Study material below:

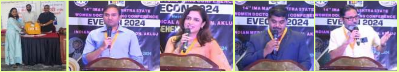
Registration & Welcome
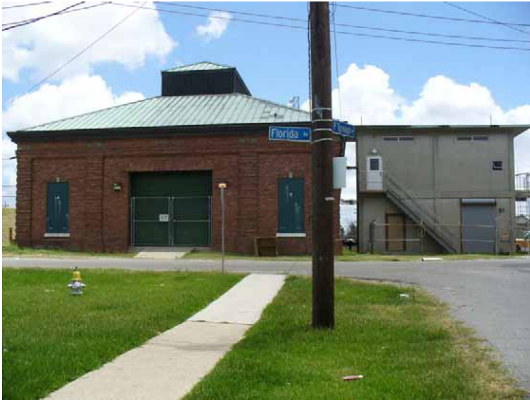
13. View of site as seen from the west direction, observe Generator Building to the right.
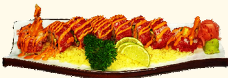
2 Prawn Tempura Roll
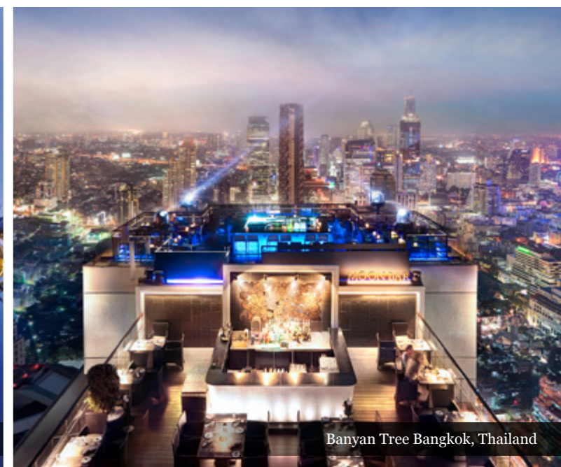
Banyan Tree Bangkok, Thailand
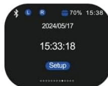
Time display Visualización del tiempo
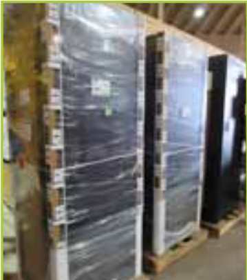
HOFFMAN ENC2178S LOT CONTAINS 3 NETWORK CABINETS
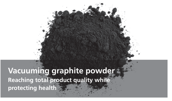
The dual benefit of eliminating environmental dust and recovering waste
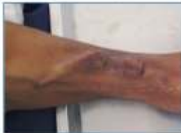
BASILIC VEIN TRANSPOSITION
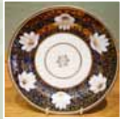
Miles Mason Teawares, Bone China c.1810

End of Study material.

*What to do*: Exactly the lines from the line that contains "BASILIC VEIN TRANSPOSITION" through the last line above, and no other lines, must be output, with pictures excluded.

*Worked solution*:
BASILIC VEIN TRANSPOSITION
Miles Mason Teawares, Bone China c.1810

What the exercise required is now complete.